A South Korean car parts company developing autonomous driving technology has set a new record in overseas sales.

And if you are still clueless about its identity, it is Hyundai Mobis, which logged $1.7 billion worth of orders for high-tech automotive parts from non-Korean customers last year. These parts include sensors, display and lamps used for autonomous and electric cars.

The Hyundai affiliate has rapidly expanded its global presence thanks to growing demand from overseas electric vehicle companies. Orders totalled $500 million in 2015, doubled to $1.2 billion in 2017, and soared 40 per cent in 2018.
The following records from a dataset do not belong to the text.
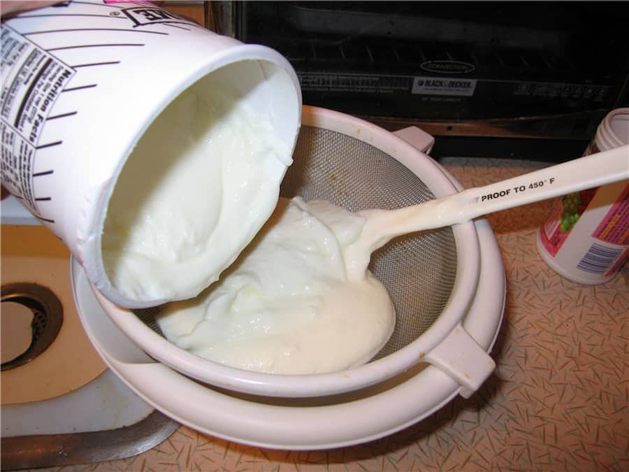 کیسه توری را داخل یک صافی قرار داده و صافی را روی یک قابلمه تفلون بگذارید تا آب گرفته شده از ماست درون آن بریزد و سپس ماست را درون کیسه پارچه ای توری شکل بریزید و کیسه را گره بزنید و به مدت چند ساعت به همین شکل رها کنید تا آب ماست به خوبی خارج شود مدت زمان لازم برای این کار بستگی به میزان چربی ماست دارد.
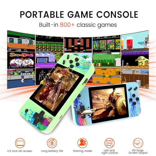 800 jeux rétro : Le Pocket Gamer 2025 offre 800 jeux intégrés de Puzzle, Action, Aventure, Casual et d’autres genres pour tous. Le Pocket Gamer aide les joueurs à améliorer leurs compétences et leurs capacités de réflexion tout en jouant à des jeux ! Grand écran de 3,5 pouces : Avec un écran haute définition de 3,5 pouces et des haut-parleurs de grande taille, la console offre une expérience de jeu exceptionnelle. L’écran haute définition de 3,5 pouces protège non seulement vos yeux, mais offre également de meilleurs effets visuels que l’écran haute définition Ips de 3,0 pouces. Design Excellent Et Sympathique : La Console De Jeu Portable Pour Deux Joueurs Est Compacte Et Légère, Facile A Transporter. Les jeux sont simples et amusants, idéaux pour se déconnecter de la vie quotidienne. Il nous apporte du plaisir et du divertissement sans fin, où que nous allions ! Longue durée de vie : Notre console de jeux vidéo pour deux joueurs peut jouer jusqu’à 3 heures sans interruption, vous permettant ainsi qu’à votre partenaire de jouer sans interruption, parfait pour les jeux portables en plein air ! Cadeau absolument génial : La console de jeu de poche est un cadeau idéal pour les adolescents et même les adultes. La surprise parfaite pour les fêtes d’anniversaire, Pâques, Noël !
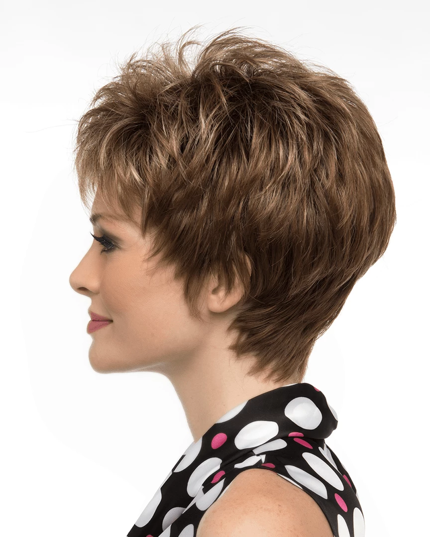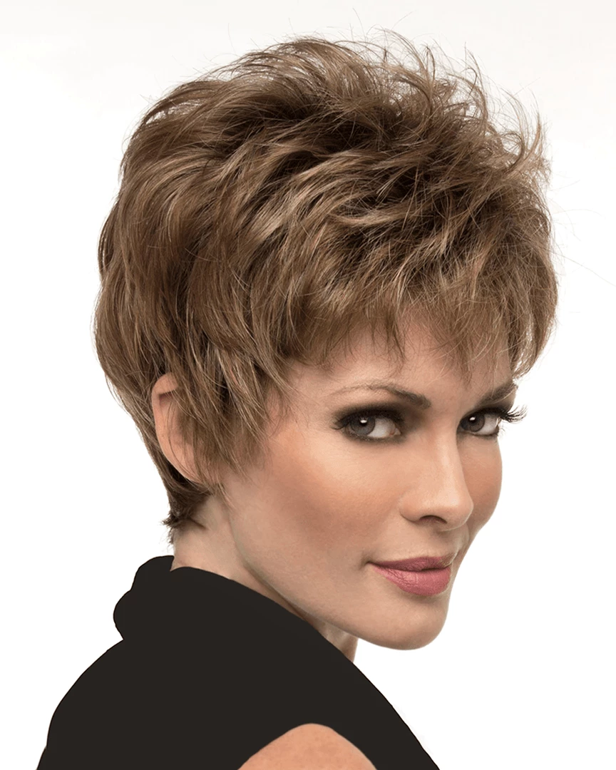 Jacqueline by Envy Wigs is a modern pixie that is short on length, but generous on volume. Jacqueline has dreamy, wispy bangs and the perfect layering to accentuate one’s cheekbones.

With sensor development emerging as a battleground for electronic parts manufacturers, Samsung Electronics has chosen image sensors as its next-generation business product after memory semiconductors. This is being done to target the autonomous vehicle market. Samsung had earlier signed a contract with Tesla to supply image sensors. Likewise, LG Electronics, which created an autonomous navigation task force in end-2018, is increasing its investment in vehicle sensors.

Welcome to the new world of South Korean majors moving into the fast lane. Long ranked as one of the world’s largest auto producers, behind the US, Japan and Germany, it ceded that place to China and India in 2017. Mexico threatened to overtake it in 2018.

Widening horizons

Intent on catching up, South Korean electronic companies are now producing automotive components other than semiconductors and batteries. This has paved the way for manufacturers to be battle-ready for next generation auto technology such as automated driving and connected vehicles. Kim Hyun Chong, Minister of Trade of South Korea, who was in Mumbai recently, maintains the potential is huge. “Increasingly we will have battery operated vehicles on our roads, whether it is pencil or hydrogen (battery),” he said.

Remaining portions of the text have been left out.